Siamo nel Giappone dei primi dell’ottocento, un’epoca di relativa pace ma anche di profonde inquietudini sociali che preannunciano la fine dell’era feudale. L’odiato Naritsugu, fratello demoniaco dello Shogun, imperversa sulle terre con spietata ferocia, simbolo di una corruzione aristocratica che mina le fondamenta stesse della società. Il suo sadismo non è fine a se stesso, ma un riflesso della dissoluzione morale di una classe dirigente. Shinzaemon Shimada, un samurai di alto lignaggio ma dal futuro incerto, viene ingaggiato per uccidere Naritsugu. La sua missione non è solo un atto di giustizia, ma quasi un ultimo, disperato tentativo di preservare l’onore del codice samurai di fronte a una minaccia che ne corrompe l’essenza. Shimada si mette subito all’opera per mettere insieme un gruppo di samurai capace di tener testa al temibile piccolo esercito di guardie del corpo del fratello dello Shogun. La costruzione di questa eterogenea compagnia, ognuno con le proprie motivazioni e abilità, ricorda la classica struttura del "team building" del Jidai Geki, ma con una tensione morale palpabile che eleva ogni singolo personaggio. Per compiere la sua missione attirerà Naritsugu in un villaggio abbandonato, un teatro di guerra meticolosamente preparato, dove allestirà trappole e agguati per raggiungere il suo obiettivo.

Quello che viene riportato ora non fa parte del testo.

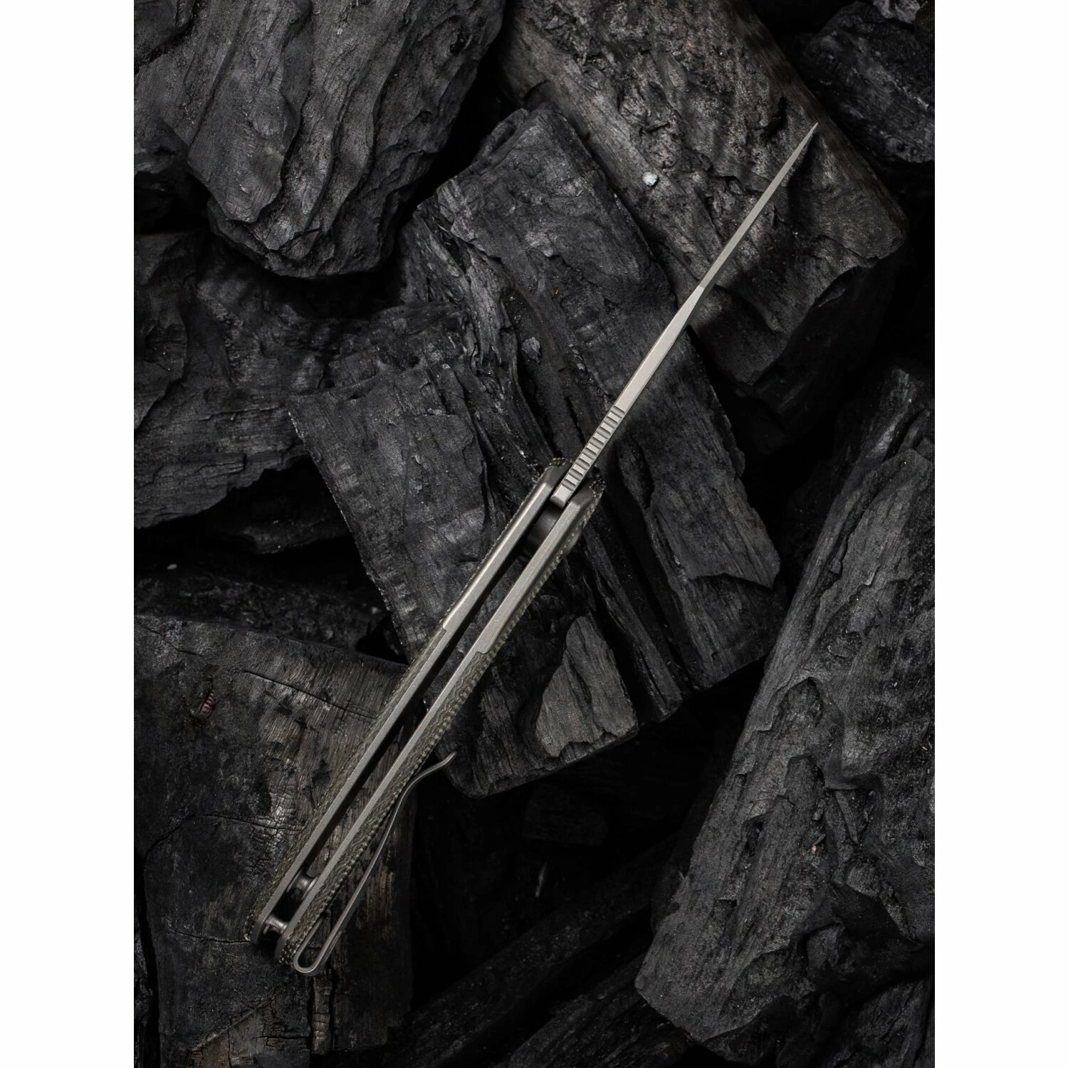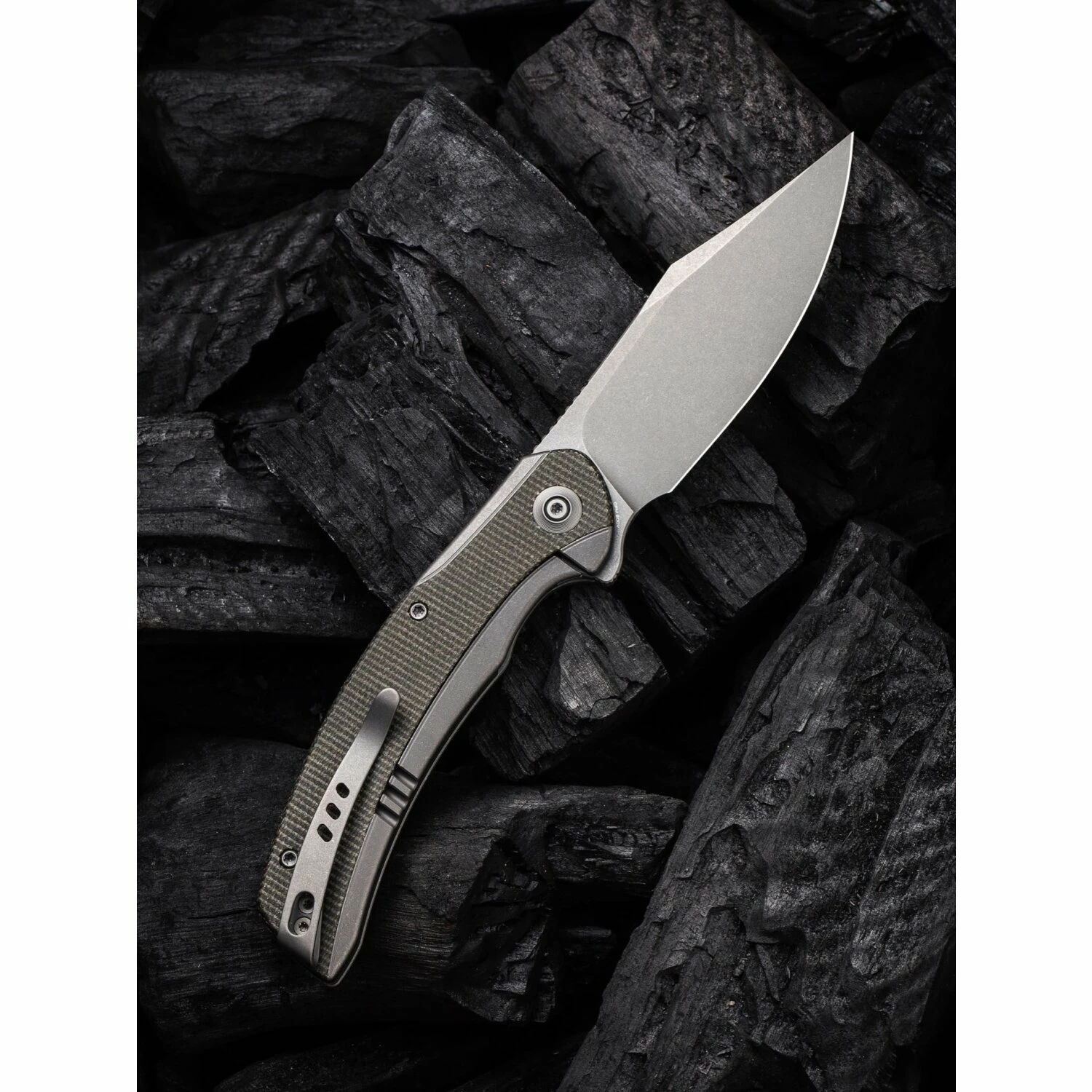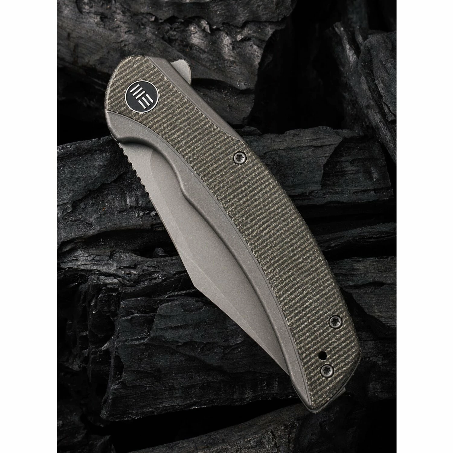 WE Knife Snick Gray Titanium Handle & Dark Green Micarta Inlay
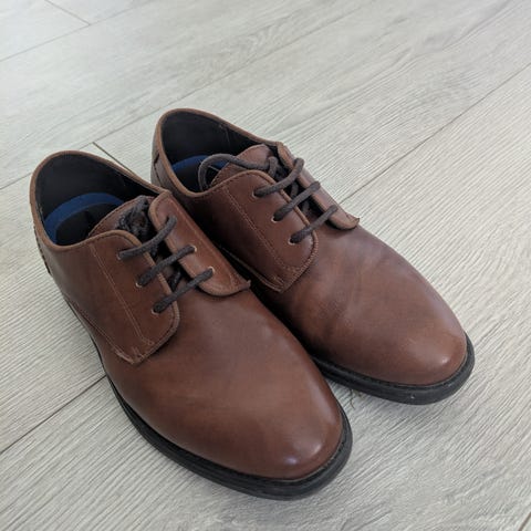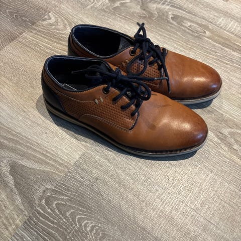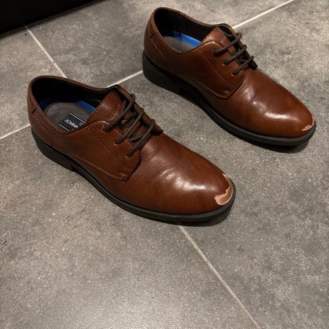 Brukt bare en gang i bryllup. Har noen små merker fremme som kan fikses med litt brun farge. Ellers er de som nye. Merke: John Westbury
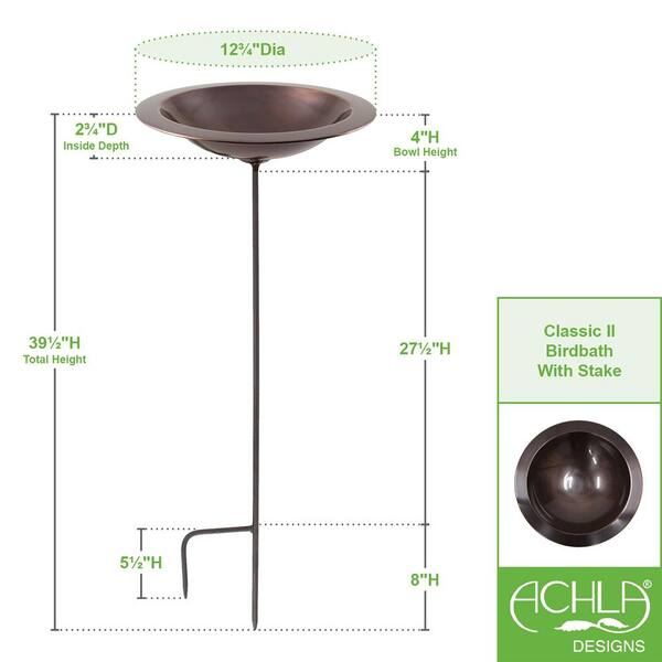 Classic II Birdbath w/Stake, 12.75 in. Diameter, Antique Copper
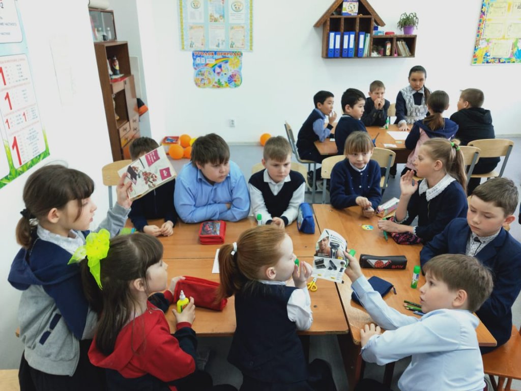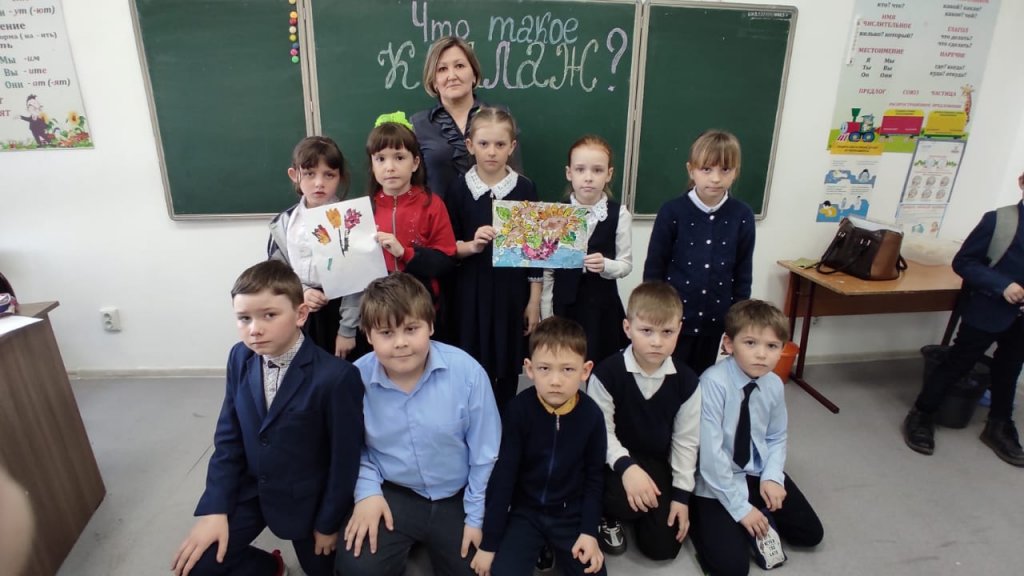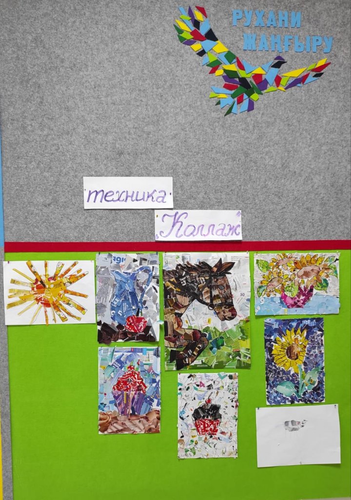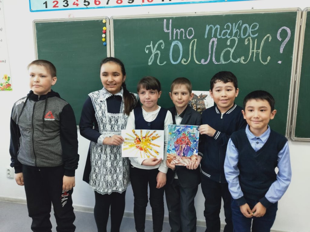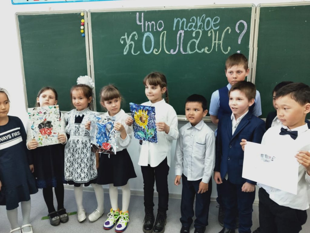 Көркем еңбек мұғалімі А. А. Матерн жетекшілігімен 1-3 сынып оқушылары коллаж жасады
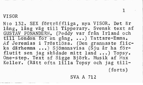 //// 1 //// VISOR //// N:o 132, SEX förträffliga, nya VISOR. Det är lång, lång väg till Tipperary. Svensk text af GUSTAV FONANDERN» (Peddy var från Irland och till London for en gång, ...) Tattare-Emma* Af Jeremias i Tröstlösa. (Den grannaste flicka därhemma ...) Sjömansvisa (Sju år ha förflutit sen jag skådade mitt land ...) Topsy. One-step. Text af Sigge Björk. Musik af Max Keller. (Rätt ofta lilla Topsy och jag till- //// (forts) //// SVA A 79 2 ////

Un’epica battaglia si profila all’orizzonte, dove pochi valorosi uomini ingaggeranno una lotta senza quartiere con un nemico dal numero soverchiante. Il film è essenzialmente diviso in due parti: nella prima si creano le premesse per la battaglia, con una costruzione meticolosa dei personaggi e una crescente tensione psicologica che sfocia nella disperata necessità dell’impresa; nella seconda parte si narrano le vicende dell’epico scontro finale, un’apoteosi di violenza coreografata che dura quasi un’ora, senza mai perdere intensità né chiarezza narrativa.
Miike si muove con sagacia visionaria confezionando un prodotto perfetto con meravigliose scene di lotta e scintillanti duelli di katana. La sua cinepresa si muove fluida ai margini di un’azione che sgorga dalla narrazione con potenza iconografica devastante, senza mai essere ridondante, ma con una naturalezza e una credibilità che fanno di questo film un caposaldo di genere e un punto d’arrivo ineludibile nella carriera di Miike. È un’opera che riafferma la grandezza del cinema di genere quando affrontato con intelligenza e rispetto, e che dimostra come un regista possa reinventarsi pur rimanendo fedele alla propria inconfondibile voce.